Similar content being viewed by others
Introduction
Recent advances in high-throughput sequencing technologies have revolutionized genetic studies of complex diseases1,2,3,4,5,6,7. The emergence of next-generation sequencing (NGS) platforms has enabled genomic analyses at an unprecedented scale and resolution. These technologies have facilitated whole-genome sequencing (WGS) and whole-exome sequencing (WES) of large cohorts, unveiling novel disease-associated loci and providing deeper insights into the genetic architecture of complex disorders1,2,3,4,5,6,7,8,9.

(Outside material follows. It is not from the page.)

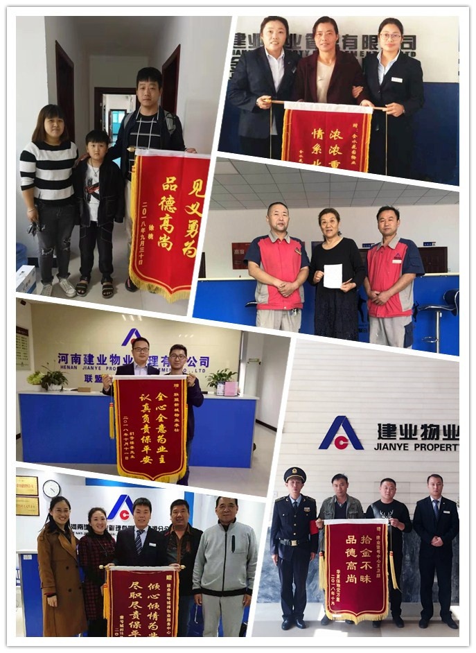 10月18日,濟(jì)源·壹號(hào)城邦的三位君鄰會(huì)業(yè)主為物業(yè)服務(wù)中心送上錦旗一面。業(yè)主表示,建業(yè)物業(yè)壹號(hào)城邦團(tuán)隊(duì)員工素質(zhì)佳、工作積極認(rèn)真,不僅能夠認(rèn)真了解業(yè)主訴求、積極整改,還經(jīng)常幫業(yè)主抬重物、提醒業(yè)主關(guān)閉車(chē)窗、幫健忘的業(yè)主保管電動(dòng)車(chē)鑰匙,并時(shí)常有拾金不昧的事件發(fā)生……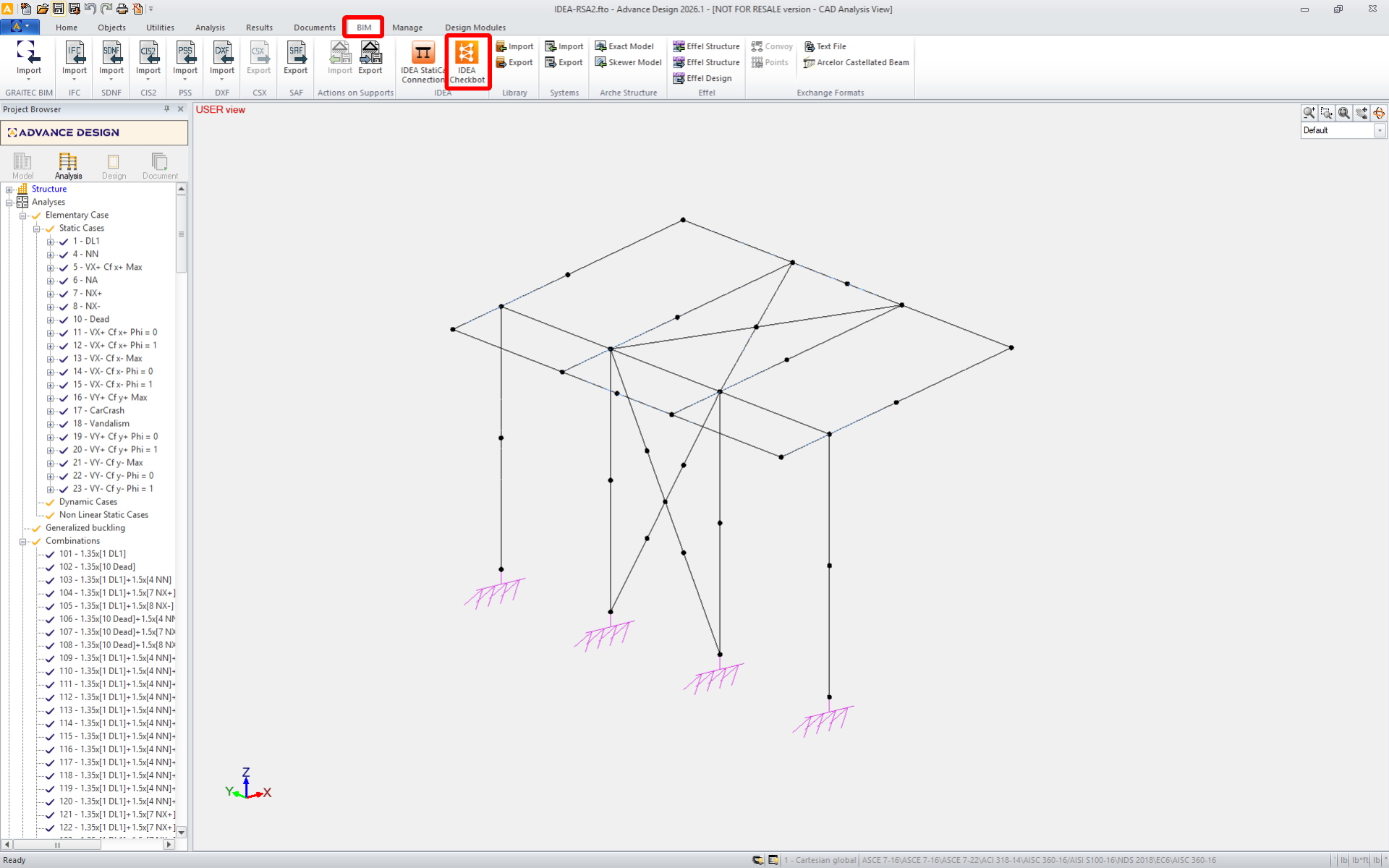 This will import the structure and its load effects into Checkbot - with the same coordinates, orientations, and section sizes as per the FEA model. Please note that your node and member numbering might be different.

Detecting disease-causing variants from WES/WGS data is a complex task. Today, most clinical genetics labs that analyze WES/WGS data follow the American College of Medical Genetics and Genomics (ACMG) guidelines for interpreting sequence variants10. This mainly includes detecting high-quality variants with lower allele frequency and damaging effects on the protein function. Other factors usually considered are the segregation of the variant with the phenotype and existing evidence for the variant or gene association with disease. To assist clinicians in this laborious process, several automated tools such as Exomiser11, AMELIE12, LIRICAL13, AutoCaSc14, etc., have been devised to prioritize disease-specific variants (mainly single nucleotide variants [SNVs] and insertions/deletions [indels]) from WES/WGS data.
Autism spectrum disorder (ASD) is a complex neurodevelopmental disorder (NDD) that has greatly benefited from the emergence of NGS technologies. Recent large-scale WES and WGS studies have identified thousands of ASD susceptibility genetic variants in hundreds of genes5,15,16,17,18,19,20. Nevertheless, despite these advances in ASD genetics, clinically meaningful genetic variants are identified only in 8–30% of affected probands5,21,22. Thus, there is a need for new approaches to facilitate the detection of ASD-specific variants from WES/WGS data.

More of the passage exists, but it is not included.